● **Stored entries**
***

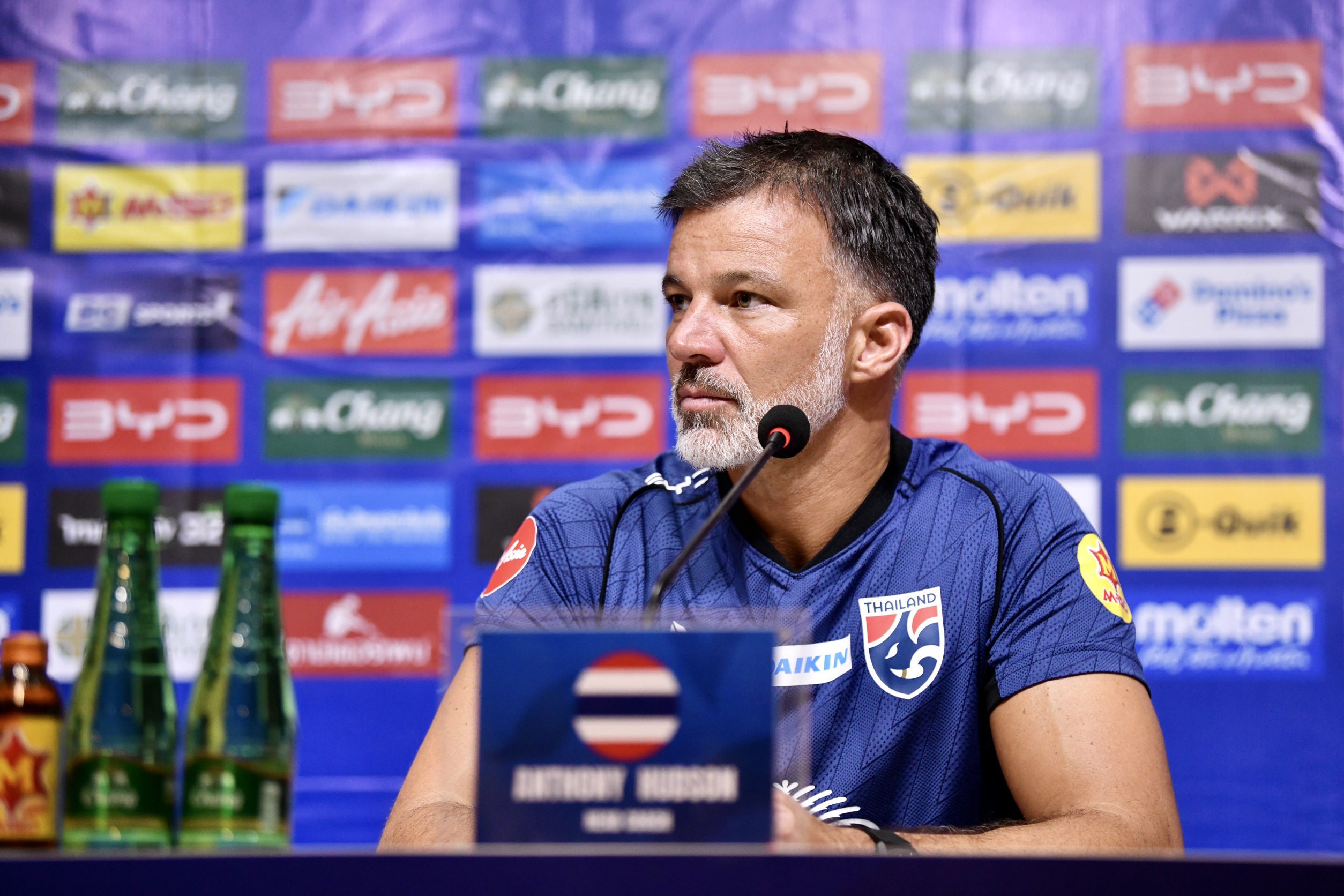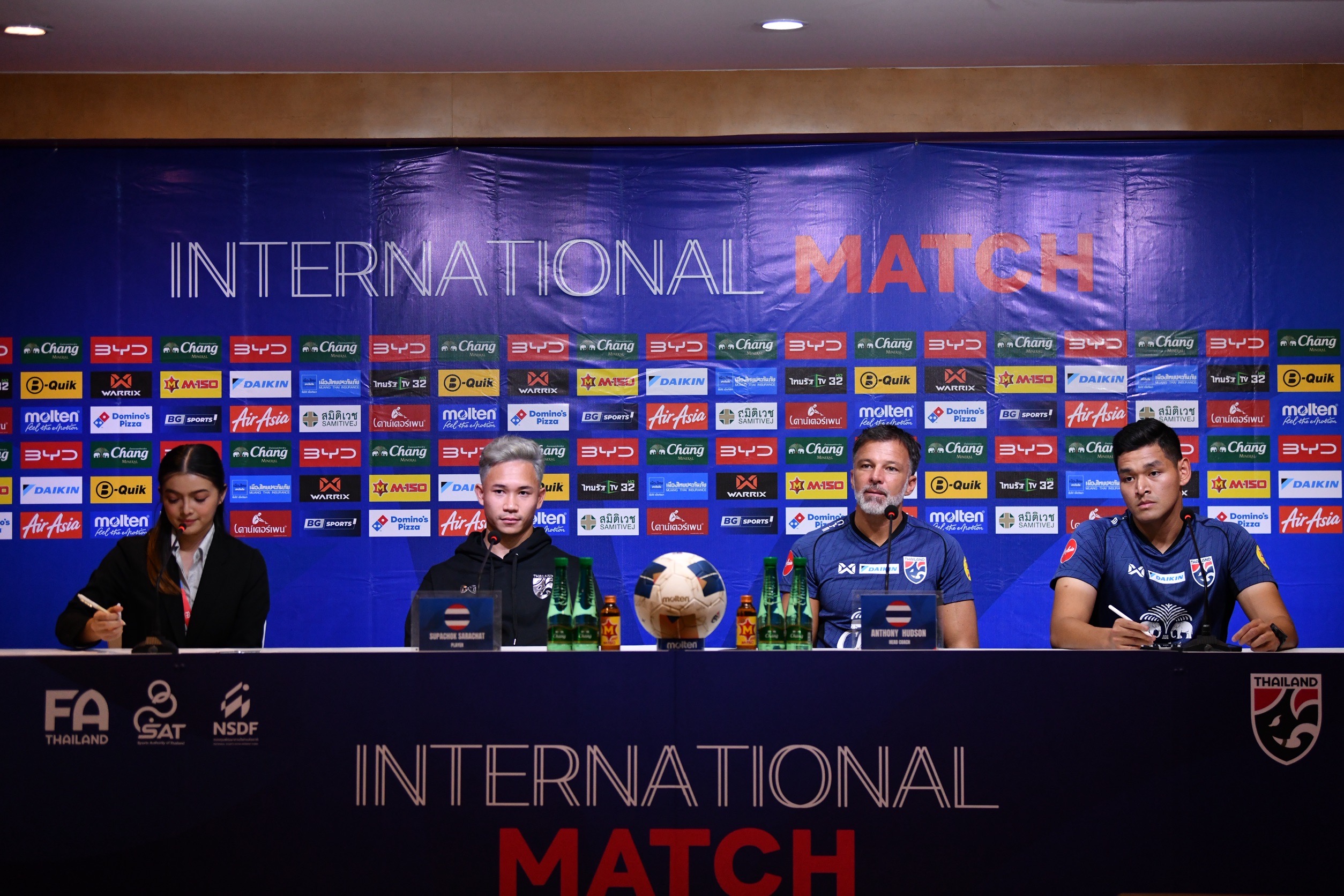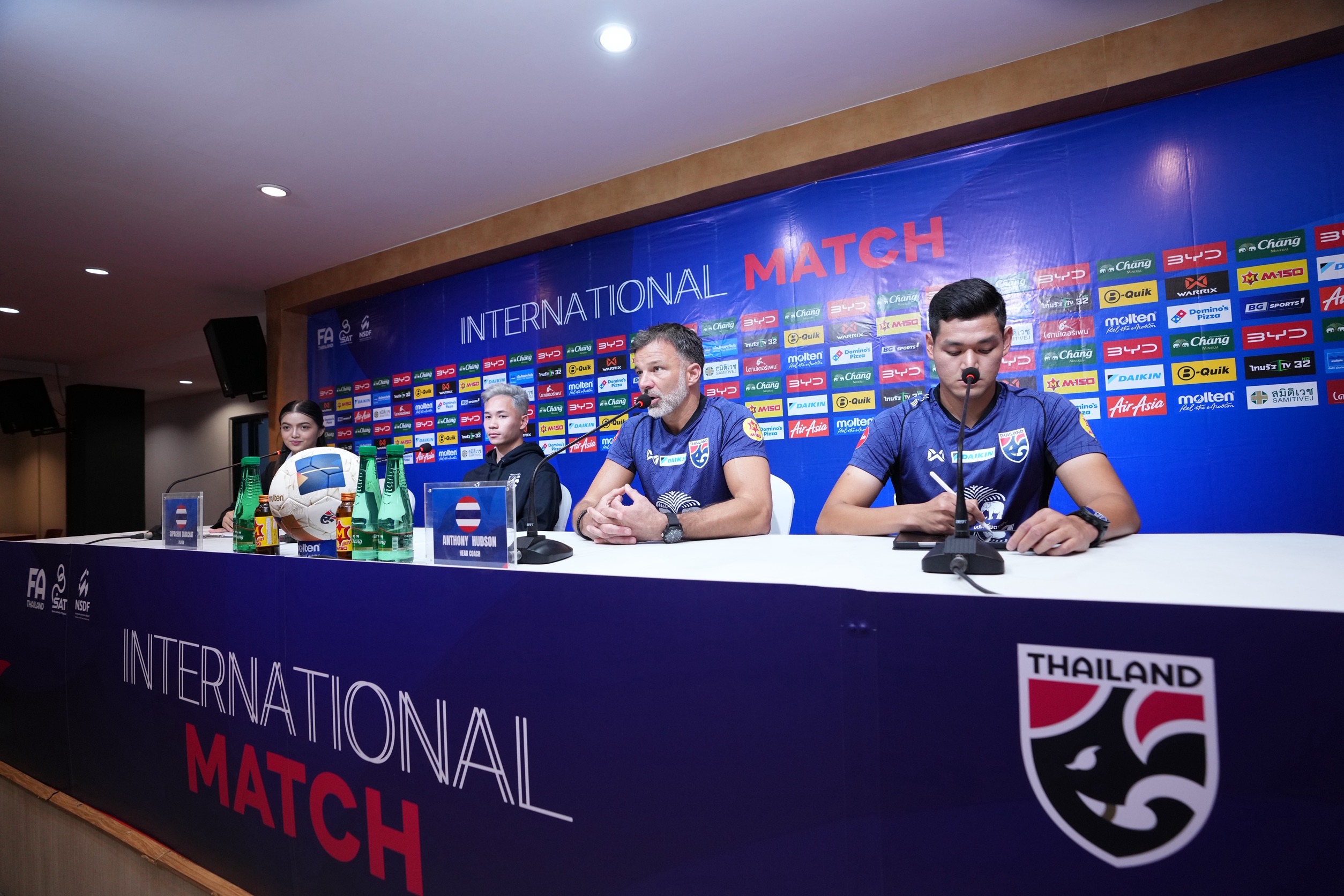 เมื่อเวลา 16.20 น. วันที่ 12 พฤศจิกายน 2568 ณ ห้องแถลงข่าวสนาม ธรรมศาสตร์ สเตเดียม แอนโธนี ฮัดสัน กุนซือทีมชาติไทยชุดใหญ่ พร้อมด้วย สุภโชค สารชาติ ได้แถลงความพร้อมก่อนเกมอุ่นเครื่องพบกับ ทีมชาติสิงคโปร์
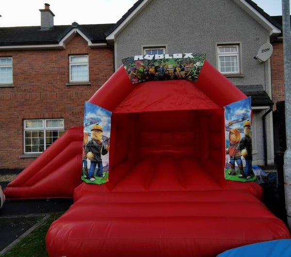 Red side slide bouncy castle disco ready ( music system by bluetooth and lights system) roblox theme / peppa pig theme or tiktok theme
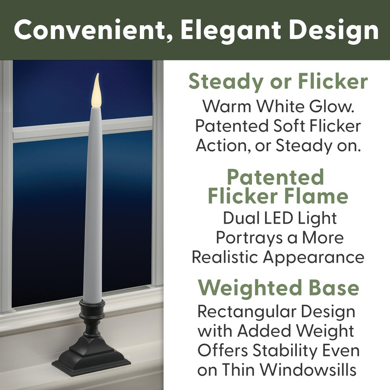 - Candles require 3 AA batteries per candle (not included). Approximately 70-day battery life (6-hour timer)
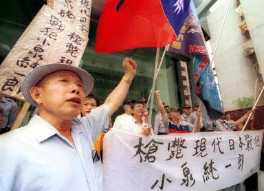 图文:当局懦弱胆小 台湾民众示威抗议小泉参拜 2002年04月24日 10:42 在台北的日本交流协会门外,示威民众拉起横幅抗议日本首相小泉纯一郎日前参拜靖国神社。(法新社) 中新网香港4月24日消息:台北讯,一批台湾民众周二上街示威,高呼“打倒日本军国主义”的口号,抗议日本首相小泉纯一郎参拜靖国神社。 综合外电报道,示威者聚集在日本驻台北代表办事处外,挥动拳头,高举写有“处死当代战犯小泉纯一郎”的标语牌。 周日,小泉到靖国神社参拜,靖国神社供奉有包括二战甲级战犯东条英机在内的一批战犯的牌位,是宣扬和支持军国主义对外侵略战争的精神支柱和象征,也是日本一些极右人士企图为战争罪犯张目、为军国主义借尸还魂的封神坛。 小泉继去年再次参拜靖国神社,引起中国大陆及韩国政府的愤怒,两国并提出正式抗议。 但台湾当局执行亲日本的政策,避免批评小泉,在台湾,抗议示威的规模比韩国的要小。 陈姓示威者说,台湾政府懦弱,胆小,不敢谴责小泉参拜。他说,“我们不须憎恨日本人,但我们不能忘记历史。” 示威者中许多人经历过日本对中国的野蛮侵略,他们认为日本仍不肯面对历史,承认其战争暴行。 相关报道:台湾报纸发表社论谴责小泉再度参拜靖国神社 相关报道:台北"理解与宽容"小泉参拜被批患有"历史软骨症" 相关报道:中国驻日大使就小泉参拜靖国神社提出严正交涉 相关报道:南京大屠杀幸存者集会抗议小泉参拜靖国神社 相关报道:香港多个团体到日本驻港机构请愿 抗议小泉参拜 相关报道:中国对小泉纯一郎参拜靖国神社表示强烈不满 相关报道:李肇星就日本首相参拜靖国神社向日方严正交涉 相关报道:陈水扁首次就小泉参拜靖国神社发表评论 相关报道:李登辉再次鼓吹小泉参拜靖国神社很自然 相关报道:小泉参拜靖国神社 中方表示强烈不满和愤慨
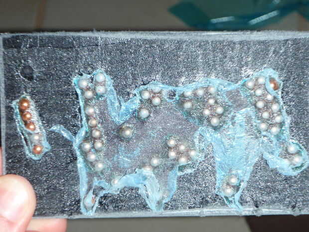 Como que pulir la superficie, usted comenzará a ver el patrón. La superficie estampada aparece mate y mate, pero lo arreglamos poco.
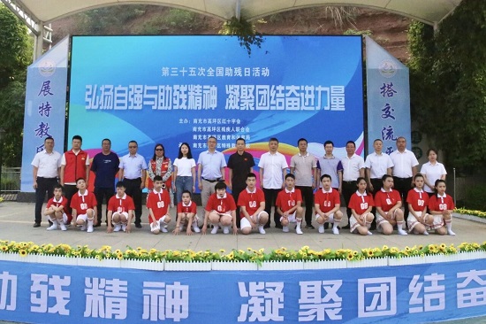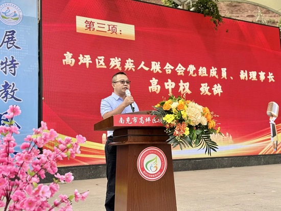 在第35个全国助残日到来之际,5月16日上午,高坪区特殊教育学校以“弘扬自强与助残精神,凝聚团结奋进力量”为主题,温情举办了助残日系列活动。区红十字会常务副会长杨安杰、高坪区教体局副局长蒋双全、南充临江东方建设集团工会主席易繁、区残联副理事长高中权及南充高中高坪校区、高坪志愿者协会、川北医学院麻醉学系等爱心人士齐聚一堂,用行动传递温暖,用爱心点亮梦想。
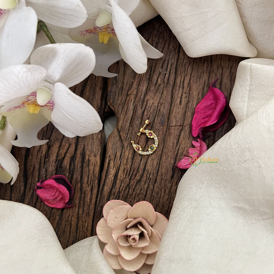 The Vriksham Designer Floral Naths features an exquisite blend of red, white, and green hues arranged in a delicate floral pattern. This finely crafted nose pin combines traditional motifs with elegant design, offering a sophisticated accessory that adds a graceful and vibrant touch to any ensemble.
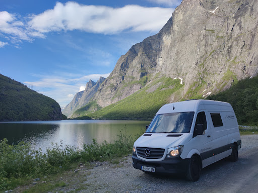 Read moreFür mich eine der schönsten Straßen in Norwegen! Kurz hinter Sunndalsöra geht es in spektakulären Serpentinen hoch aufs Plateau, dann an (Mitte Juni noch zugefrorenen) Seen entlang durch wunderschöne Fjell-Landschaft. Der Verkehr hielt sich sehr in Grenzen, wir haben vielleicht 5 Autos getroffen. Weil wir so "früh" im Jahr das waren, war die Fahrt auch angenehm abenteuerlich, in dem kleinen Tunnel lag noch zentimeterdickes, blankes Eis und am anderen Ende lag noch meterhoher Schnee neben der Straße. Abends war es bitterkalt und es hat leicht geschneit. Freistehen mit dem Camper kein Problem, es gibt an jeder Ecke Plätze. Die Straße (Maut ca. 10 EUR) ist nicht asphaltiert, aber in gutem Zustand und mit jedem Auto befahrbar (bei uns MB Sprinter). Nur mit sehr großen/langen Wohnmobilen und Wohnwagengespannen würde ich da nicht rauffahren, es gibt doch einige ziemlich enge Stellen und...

***

● **Exercise**
Repeat the lines above exactly, beginning with the one containing "Como que pulir" and finishing with the one containing "在第35个全国助残日到来之际". No pictures belong in the copy.

● **Solution to this exercise**
 Como que pulir la superficie, usted comenzará a ver el patrón. La superficie estampada aparece mate y mate, pero lo arreglamos poco.
 在第35个全国助残日到来之际,5月16日上午,高坪区特殊教育学校以“弘扬自强与助残精神,凝聚团结奋进力量”为主题,温情举办了助残日系列活动。区红十字会常务副会长杨安杰、高坪区教体局副局长蒋双全、南充临江东方建设集团工会主席易繁、区残联副理事长高中权及南充高中高坪校区、高坪志愿者协会、川北医学院麻醉学系等爱心人士齐聚一堂,用行动传递温暖,用爱心点亮梦想。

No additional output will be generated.